No premiums were paid on the policy. Warren was injured in a collision between his car and an interurban car on January 3, 1934, and died four days later. On January 5th, after the accident, a friend of the family paid defendant’s agent $5 and he accepted it. It further appears that a notice of cancellation of the policy was given by defendant on December 4, 1933, but it is not relied upon. The action is for the death benefit under the personal accident phase of the policy. The court directed a verdict for defendant.

Plaintiff’s contention is that, by delivery of the policy, the insurer rendered it a subsisting contract in prcesenti, although the policy provides in its body that defendant, “in consideration and from the date of payment, of the full annual premium * * # does hereby insure the assured,” and in the “declarations” that it becomes effective “upon payment of the first premium payment herein specified.” He claims that, once effective, the policy remained in force until its expiration date unless formally can-celled by the insurer. The policy contains the statutory form for cancellation at the instance of the insurer. 3 Comp. Laws 1929, § 12442 (16).
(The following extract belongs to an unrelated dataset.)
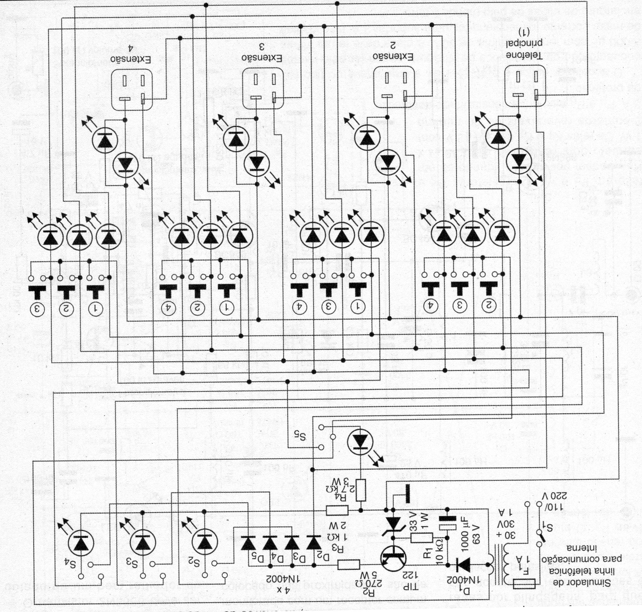 Este circuito es un simulador de línea telefónica, que puede ser usado en comunicaciones internas. Se ha diseñado para un teléfono principal y 3 extensiones pero puede tener hasta 7 extensiones. Es sólo añadir en el emisor del transistor TIP122, vía R2 diodos y llaves de 1 polo x 2 posiciones, hilos y LEDs. Siendo una línea con varias extensiones, debido a los diodos, podemos accionar la llamada a la extensión que deseamos presionando el interruptor NA o la tecla que se adapte al teléfono correspondiente al número de extensión. El autor pegó 2 planchas de metal fino (15 mm) en las placas de los teclados, bajo las teclas de los números de las extensiones (1,2,3 y 4). En las teclas pegó otras planchas (3 mm) para contacto cuando se presiona. El transformador y la placa con el circuito quedará instalado en una caja de 4 x 4 cm de la Pial. En la tapa de esta caja quedaron los LED, las llaves de 1 polo x 2 posiciones y la toma del teléfono principal, fusible y S1. Las claves sirven para desactivar las otras extensiones, para evitar la escucha de las conversaciones. Estas llaves, en la otra posición, al retirar el auricular del gancho, aplicarán corrientes en los LED que se encienden en las extensiones, indicando 2 extensiones ocupadas. S5 corta la llamada de las extensiones 2, 3 y 4. El transistor TIP122 debe estar dotado de radiador de calor. (2005)

The immediate operation of. a policy contrary to its terms was discussed in Schaefer v. Peninsular Casualty Ins. Co., 266 Mich. 386, where it was noted that the question rests partly in the character of the recital of the consideration or other express terms of the policy and partly in estoppel.

Defendant relies upon the recitals of the time of operation of the policy above quoted and upon the provision adopted in accordance with 3 Comp. Laws 1929, § 12441:

“If the default be made in the payment of the agreed premium for this policy, the subsequent acceptance of the premium by the insurer or by any of its duly authorized agents shall reinstate the policy, but only to cover loss resulting from accidental injury thereafter sustained.”

The policy must be read as a whole. Plaintiff’s contention, if applicable, would be sufficient to carry the policy in force until the first payment was due. After a premium payment became due and was in default, however, a new situation arose which is covered by the provision above quoted. There are no elements of estoppel in the case to change any of the contract provisions except the fact that the policy was delivered. When delivered, it took effect according to its terms and became subject to subsequent conditions.

As the contract provided for credit and instalment payments and expressly declared the effect of a payment after default, it appears plain that such provision must govern the case. Consequently, at the death of Mr. Warren, the policy was not in effect and the judgment must be affirmed, with costs.

North, C. J., and Wiest, Butzel, Bushnell, Edward M. Sharpe, and Toy, JJ., concurred. Potter, J., did not sit.